Problem to solve:
Skip the images and restate every line of the records exactly.

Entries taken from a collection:
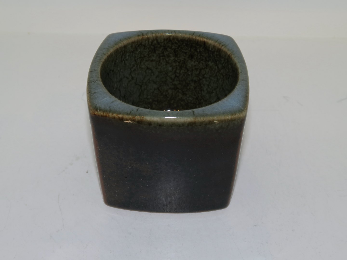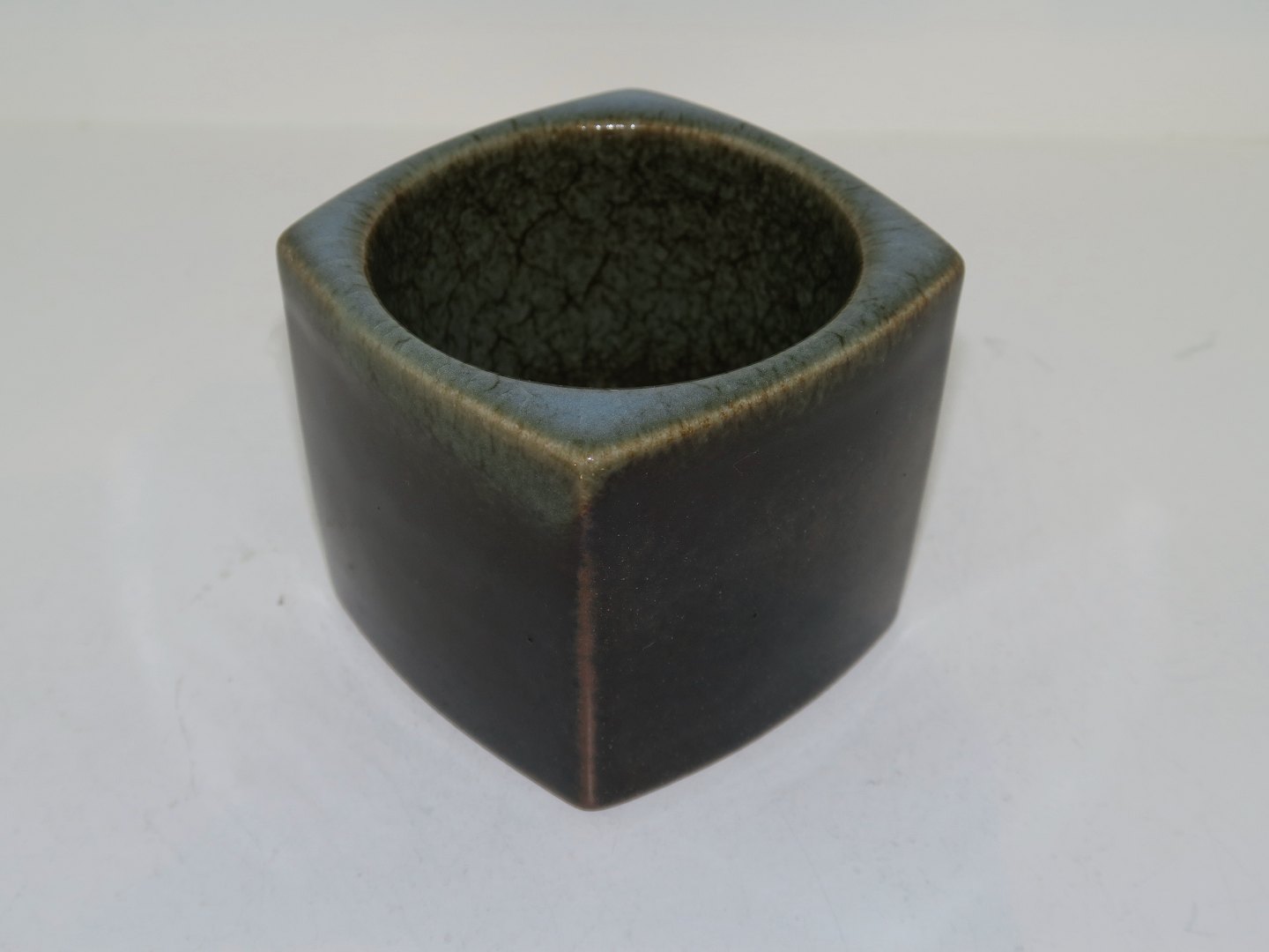 Royal Copenhagen keramik, lille firkantet skål. Designet af Ellen Malmer. Dekorationsnummer 22474. 1. sortering. Højde 7,5 cm., toppen måler 8,6 x 8,6 cm. Perfekt stand uden fejl.
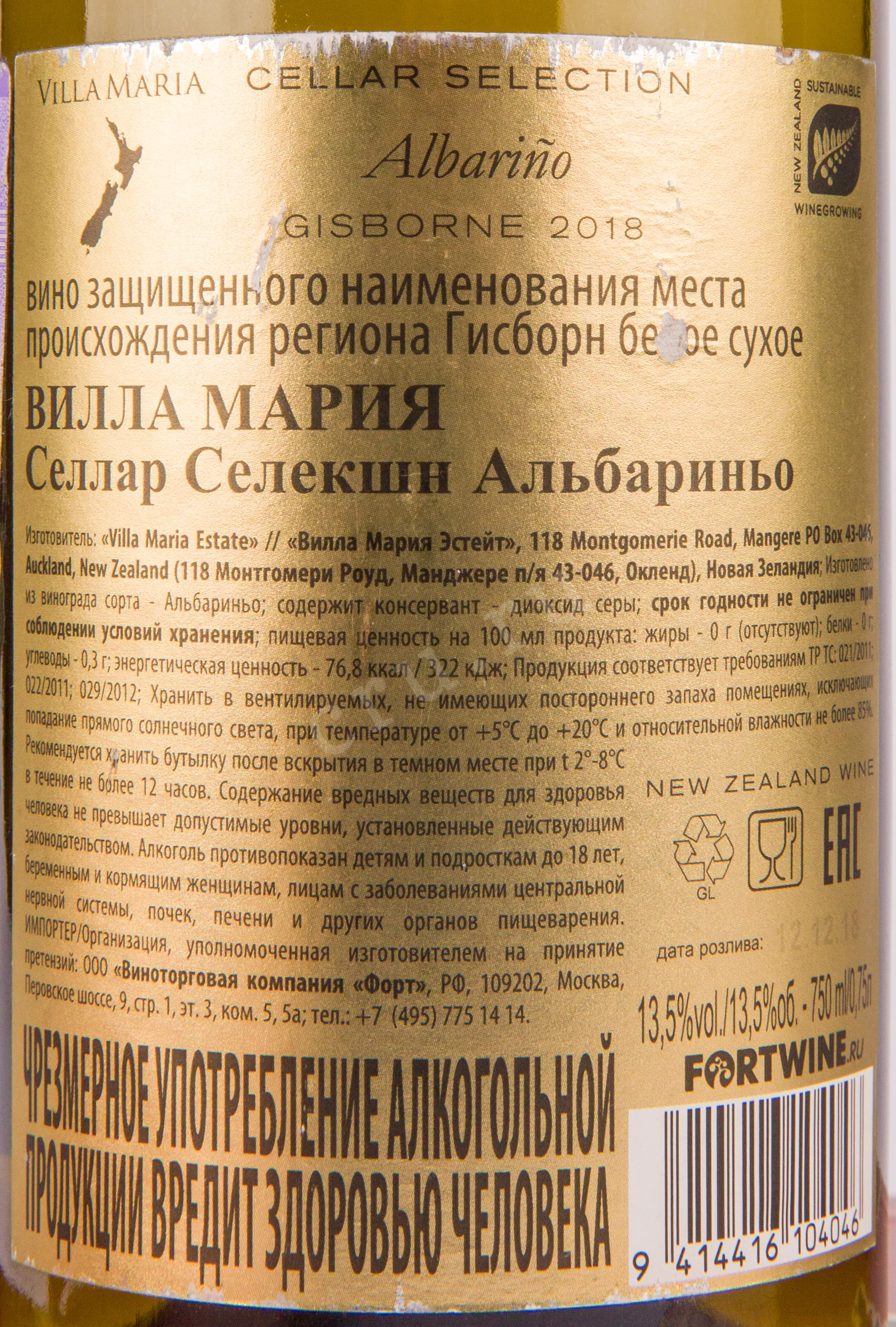 Белое сухое вино Villa Maria Cellar Selection Albarino 2018 0,75 л — свежее, гармоничное, создается в винодельческом регионе Гисборн, расположенном на востоке Новой Зеландии. Сорт Альбариньо здесь выращивается на почвах аллювиального происхождения, богатых известняком и глиной. Урожай винограда собирают вручную, что позволяет отобрать только наиболее качественные ягоды. Ферментация проходит как в резервуарах из нержавеющей стали — 95% сусла, так и в дубовых бочках вместе с осадком - 10%. Это помогает сохранить природную свежесть и тонкие фруктовые оттенки, но также придать вкусу плотность. Особенностью производства является финальное составление купажа из двух партий. Это придает вину дополнительную глубину и особую структуру, подчеркивая его индивидуальный характер.
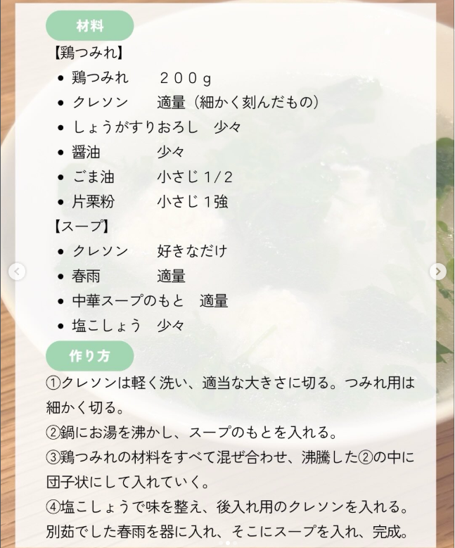 【レシピ】クレソンづくし!『クレソンと鶏つみれの春雨スープ』
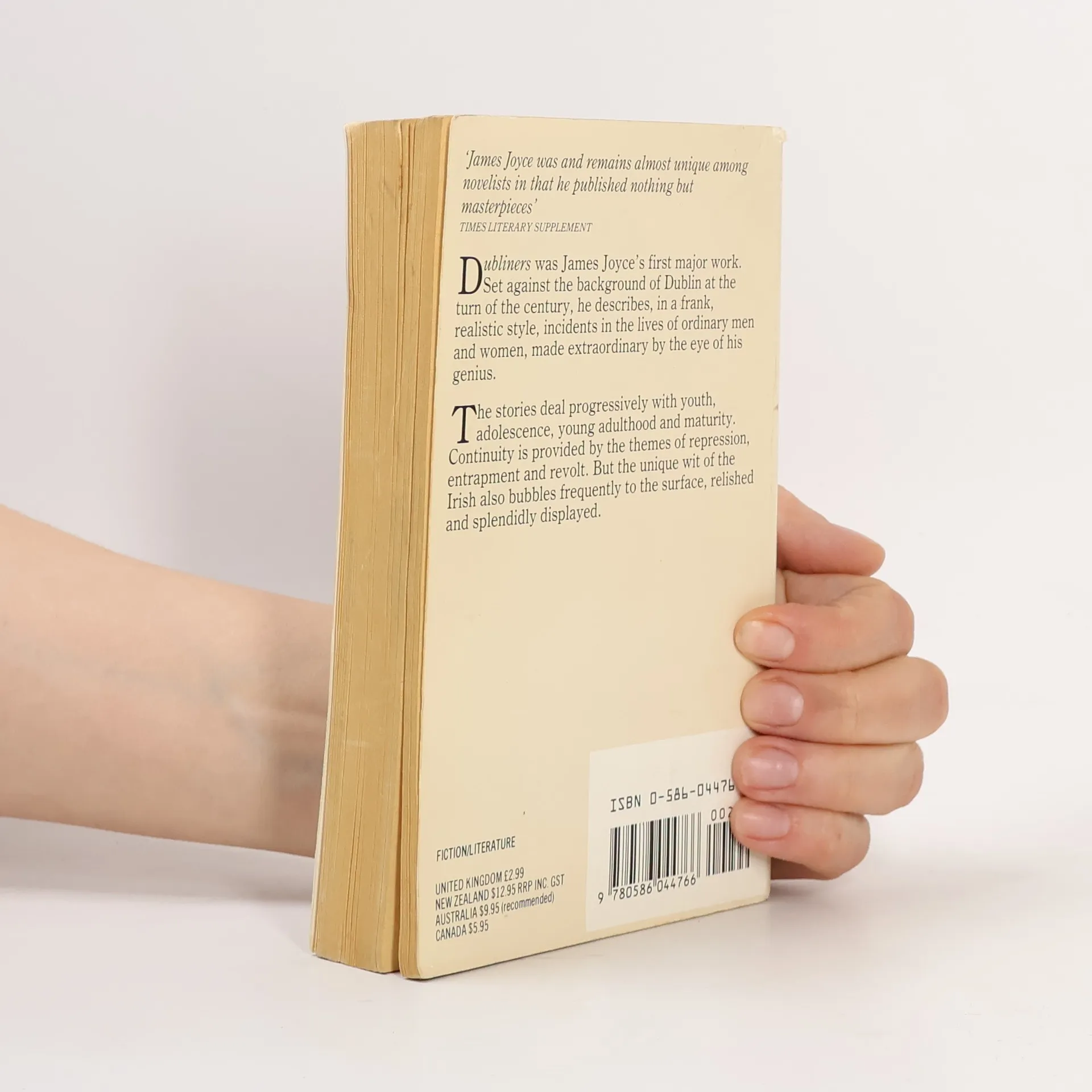 Dubliners was James Joyce's first major work. Set against the background of Dublin at the turn of the century, he describes, in a frank, realistic style, incidents in the lives of ordinary men and women, made extraordinary by the eye of his genius. The stories deal progressively with youth, adolescence, young adulthood and maturity. Continuity is provided by the themes of repression, entrapment and revolt. But the unique wit of the Irish also bubbles frequently to the surface, relished and splendidly displayed. (back cover)
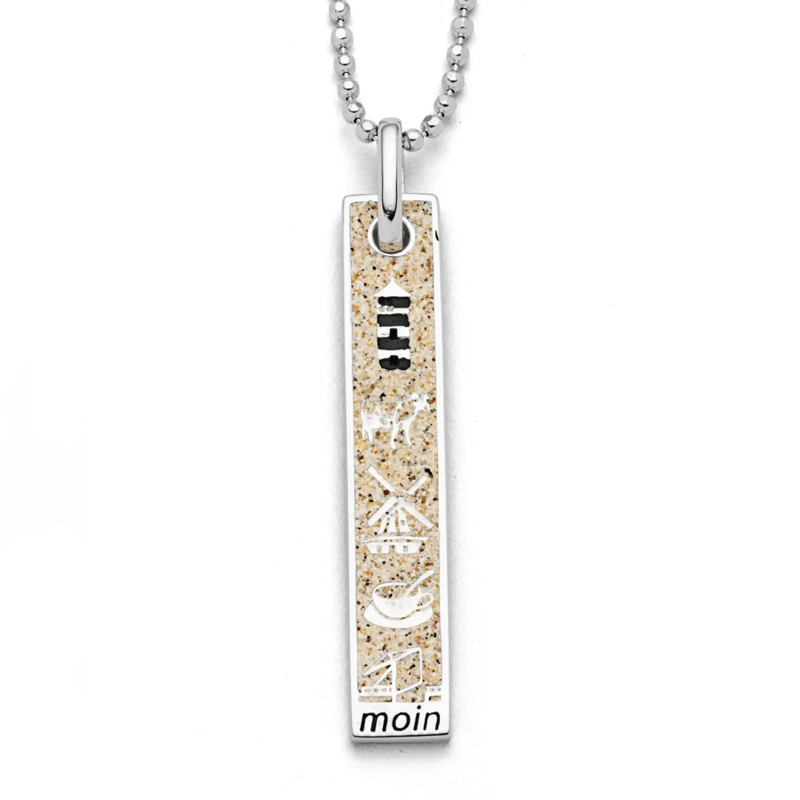 Länglicher Anhänger „Ostfriesland“ mit den Motiven: Kuh (Wittmund) – Windmühle (Aurich) – Teetasse (Leer) – Leuchtturm (Pilsum) – Fehnbrücke (Wiesmoor), eingebettet in Strandsand und gefaßt in rhodiniertem 925er Sterlingsilber.
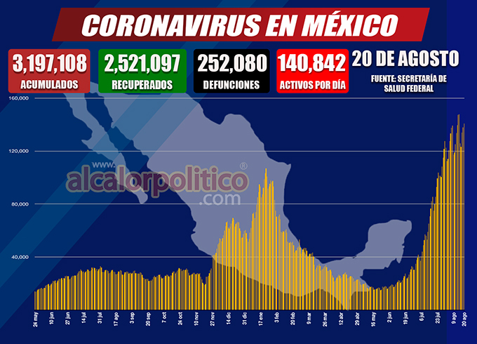 Al corte de las 17:00 horas de este jueves, México registró 21 mil 897 nuevos contagios de COVID-19, los casos activos incrementaron en 2 mil 815 pacientes y las defunciones registradas en las últimas 24 horas son en 761.
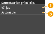*2 Säte <Kaitstud prindi seaded> valida <Väljas> võimaldab printida 50 MB mahus andmeid (Kaitstud prindi seaded).
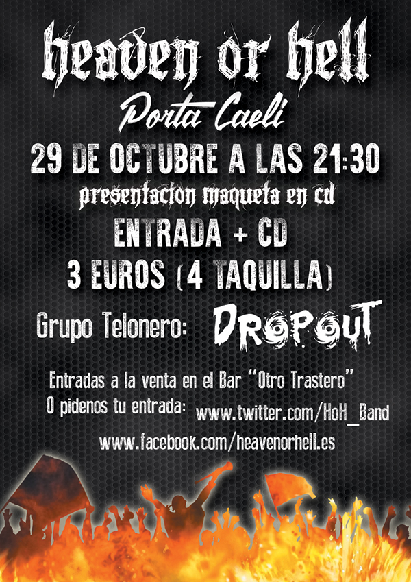Este joven grupo vallisoletano actuará por primera en la Sala Porta Caeli de Valladolid, este 29 de Octubre a las 22:15h. Heaven or Hell, tras dos años de ensayos, por fin presenta su primer trabajo, una maqueta con cinco temas cargados de fuerza y distorsión, con influencias tanto de motorhead y de metallica como de cosecha propia, y lo harán acompañados por primera vez de DropOut, un grupo de Valladolid que también viene con ganas de pasar una gran noche en familia, y con todos lo que se quieran acercar por primera vez.
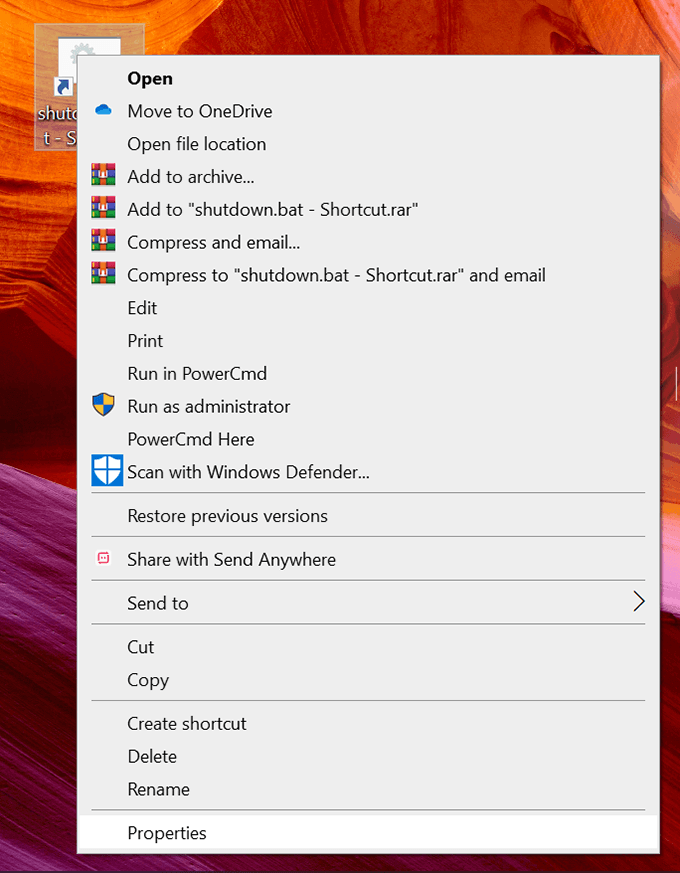 - Right-click on the newly created shortcut and select Properties.

Response to this task:
 Royal Copenhagen keramik, lille firkantet skål. Designet af Ellen Malmer. Dekorationsnummer 22474. 1. sortering. Højde 7,5 cm., toppen måler 8,6 x 8,6 cm. Perfekt stand uden fejl.
 Белое сухое вино Villa Maria Cellar Selection Albarino 2018 0,75 л — свежее, гармоничное, создается в винодельческом регионе Гисборн, расположенном на востоке Новой Зеландии. Сорт Альбариньо здесь выращивается на почвах аллювиального происхождения, богатых известняком и глиной. Урожай винограда собирают вручную, что позволяет отобрать только наиболее качественные ягоды. Ферментация проходит как в резервуарах из нержавеющей стали — 95% сусла, так и в дубовых бочках вместе с осадком - 10%. Это помогает сохранить природную свежесть и тонкие фруктовые оттенки, но также придать вкусу плотность. Особенностью производства является финальное составление купажа из двух партий. Это придает вину дополнительную глубину и особую структуру, подчеркивая его индивидуальный характер.
 【レシピ】クレソンづくし!『クレソンと鶏つみれの春雨スープ』
 Dubliners was James Joyce's first major work. Set against the background of Dublin at the turn of the century, he describes, in a frank, realistic style, incidents in the lives of ordinary men and women, made extraordinary by the eye of his genius. The stories deal progressively with youth, adolescence, young adulthood and maturity. Continuity is provided by the themes of repression, entrapment and revolt. But the unique wit of the Irish also bubbles frequently to the surface, relished and splendidly displayed. (back cover)
 Länglicher Anhänger „Ostfriesland“ mit den Motiven: Kuh (Wittmund) – Windmühle (Aurich) – Teetasse (Leer) – Leuchtturm (Pilsum) – Fehnbrücke (Wiesmoor), eingebettet in Strandsand und gefaßt in rhodiniertem 925er Sterlingsilber.
 Al corte de las 17:00 horas de este jueves, México registró 21 mil 897 nuevos contagios de COVID-19, los casos activos incrementaron en 2 mil 815 pacientes y las defunciones registradas en las últimas 24 horas son en 761.
*2 Säte <Kaitstud prindi seaded> valida <Väljas> võimaldab printida 50 MB mahus andmeid (Kaitstud prindi seaded).
Este joven grupo vallisoletano actuará por primera en la Sala Porta Caeli de Valladolid, este 29 de Octubre a las 22:15h. Heaven or Hell, tras dos años de ensayos, por fin presenta su primer trabajo, una maqueta con cinco temas cargados de fuerza y distorsión, con influencias tanto de motorhead y de metallica como de cosecha propia, y lo harán acompañados por primera vez de DropOut, un grupo de Valladolid que también viene con ganas de pasar una gran noche en familia, y con todos lo que se quieran acercar por primera vez.
 - Right-click on the newly created shortcut and select Properties.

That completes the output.